■ **Required work**
For the records below, please print exactly and only the lines from the one with "MABEL Faux Leather Draped Top" down to the one with "Римская штора производителя", both ends included, omitting the pictures.

■ **Records for this task**
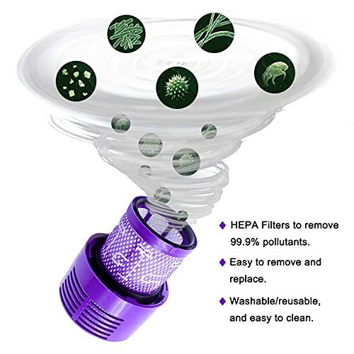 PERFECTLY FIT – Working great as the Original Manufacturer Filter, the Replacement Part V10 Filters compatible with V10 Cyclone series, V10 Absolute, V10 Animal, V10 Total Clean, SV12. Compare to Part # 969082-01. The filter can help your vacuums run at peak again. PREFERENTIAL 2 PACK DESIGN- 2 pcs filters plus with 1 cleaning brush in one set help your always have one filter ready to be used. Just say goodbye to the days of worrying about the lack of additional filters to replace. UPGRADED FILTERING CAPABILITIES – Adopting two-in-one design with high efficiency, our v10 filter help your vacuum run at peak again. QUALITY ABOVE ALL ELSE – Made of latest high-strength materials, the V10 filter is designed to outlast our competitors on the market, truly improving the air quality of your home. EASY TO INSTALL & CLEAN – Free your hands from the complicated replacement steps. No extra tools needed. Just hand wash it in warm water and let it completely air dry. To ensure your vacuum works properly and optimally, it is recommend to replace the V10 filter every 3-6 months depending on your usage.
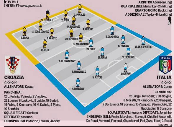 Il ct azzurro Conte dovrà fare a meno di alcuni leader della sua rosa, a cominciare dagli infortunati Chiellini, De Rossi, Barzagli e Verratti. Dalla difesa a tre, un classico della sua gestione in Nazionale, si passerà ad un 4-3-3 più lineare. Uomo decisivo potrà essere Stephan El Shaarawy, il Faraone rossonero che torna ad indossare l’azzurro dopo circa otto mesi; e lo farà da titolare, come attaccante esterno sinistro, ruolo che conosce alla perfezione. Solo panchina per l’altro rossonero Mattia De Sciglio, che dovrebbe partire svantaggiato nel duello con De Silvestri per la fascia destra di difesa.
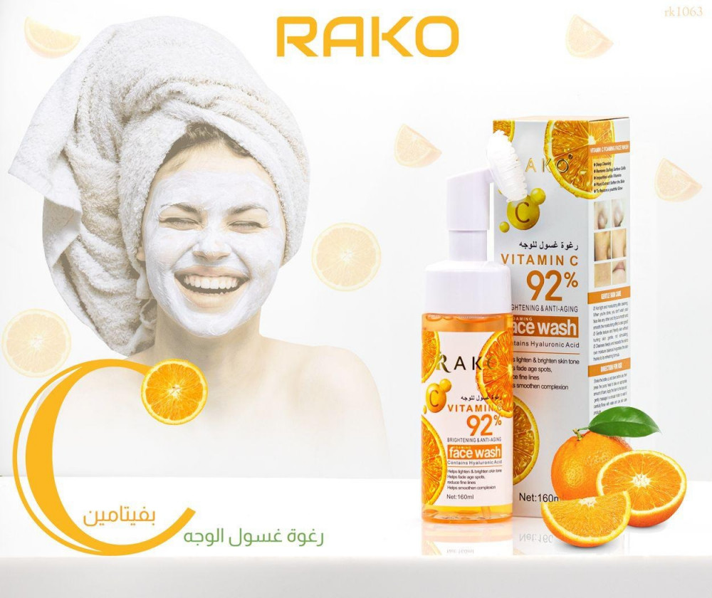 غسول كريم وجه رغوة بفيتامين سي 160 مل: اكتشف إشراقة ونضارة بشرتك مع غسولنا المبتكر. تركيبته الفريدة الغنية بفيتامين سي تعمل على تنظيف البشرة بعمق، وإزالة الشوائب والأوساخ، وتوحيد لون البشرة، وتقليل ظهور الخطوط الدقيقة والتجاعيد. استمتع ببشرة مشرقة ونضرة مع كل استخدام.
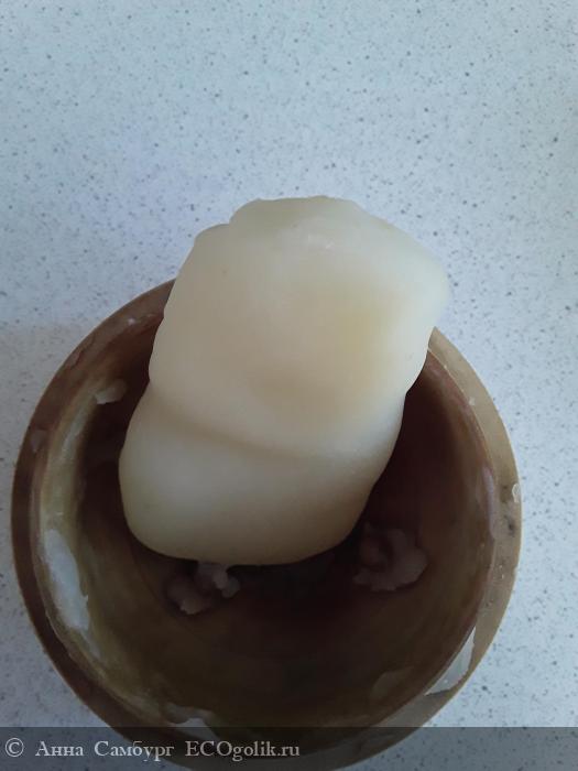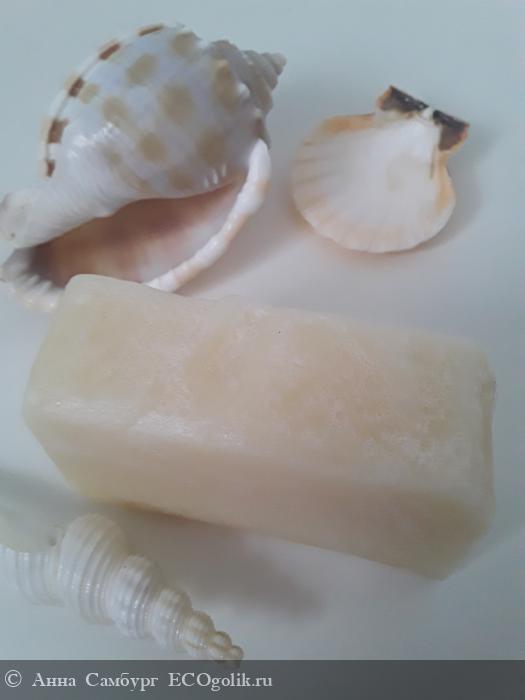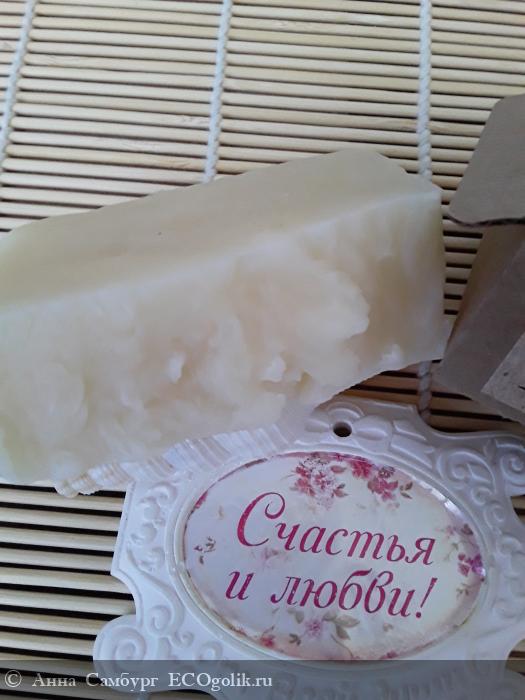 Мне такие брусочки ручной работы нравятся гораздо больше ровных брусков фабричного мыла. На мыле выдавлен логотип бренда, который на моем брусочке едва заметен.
...
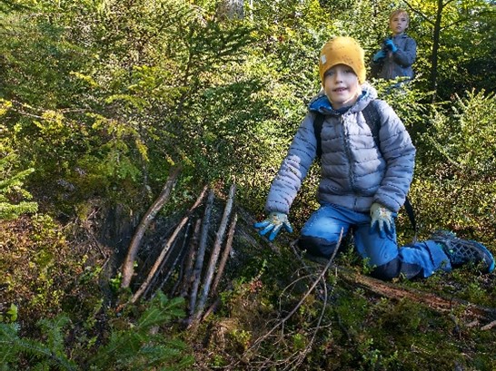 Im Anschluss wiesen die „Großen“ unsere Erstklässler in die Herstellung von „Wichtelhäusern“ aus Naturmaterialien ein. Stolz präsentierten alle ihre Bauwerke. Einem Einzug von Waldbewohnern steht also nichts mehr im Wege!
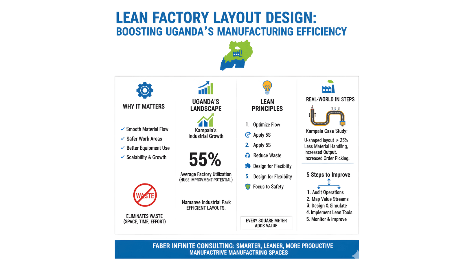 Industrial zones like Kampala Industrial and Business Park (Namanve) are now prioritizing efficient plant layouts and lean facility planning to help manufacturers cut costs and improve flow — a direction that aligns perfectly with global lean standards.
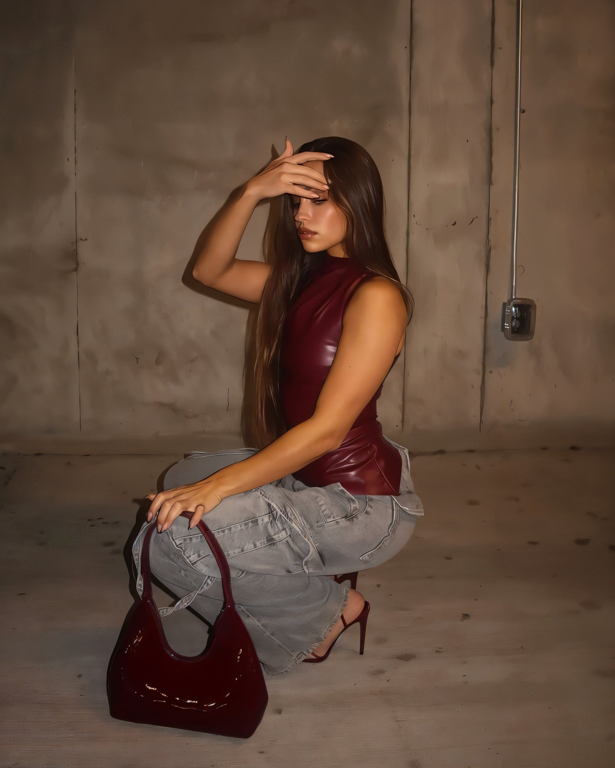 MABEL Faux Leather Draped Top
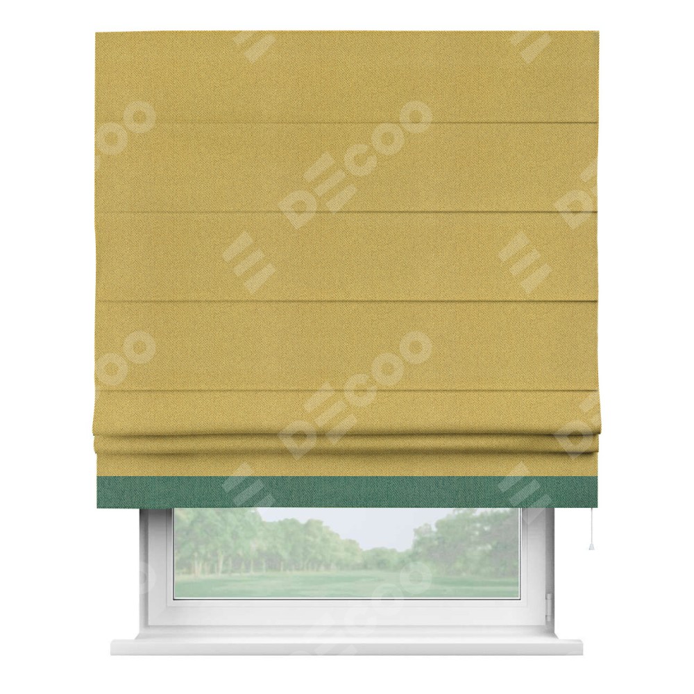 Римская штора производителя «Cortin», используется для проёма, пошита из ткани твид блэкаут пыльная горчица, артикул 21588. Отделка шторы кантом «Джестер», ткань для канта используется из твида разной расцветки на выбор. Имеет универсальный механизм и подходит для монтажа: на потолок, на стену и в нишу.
--
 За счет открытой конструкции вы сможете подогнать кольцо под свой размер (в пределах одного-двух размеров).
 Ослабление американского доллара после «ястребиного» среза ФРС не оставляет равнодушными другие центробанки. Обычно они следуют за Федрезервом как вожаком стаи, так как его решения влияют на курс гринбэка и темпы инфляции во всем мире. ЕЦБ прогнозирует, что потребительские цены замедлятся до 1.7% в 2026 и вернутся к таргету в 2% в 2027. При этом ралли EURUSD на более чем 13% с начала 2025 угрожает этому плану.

■ **Response below**
 MABEL Faux Leather Draped Top
 Римская штора производителя «Cortin», используется для проёма, пошита из ткани твид блэкаут пыльная горчица, артикул 21588. Отделка шторы кантом «Джестер», ткань для канта используется из твида разной расцветки на выбор. Имеет универсальный механизм и подходит для монтажа: на потолок, на стену и в нишу.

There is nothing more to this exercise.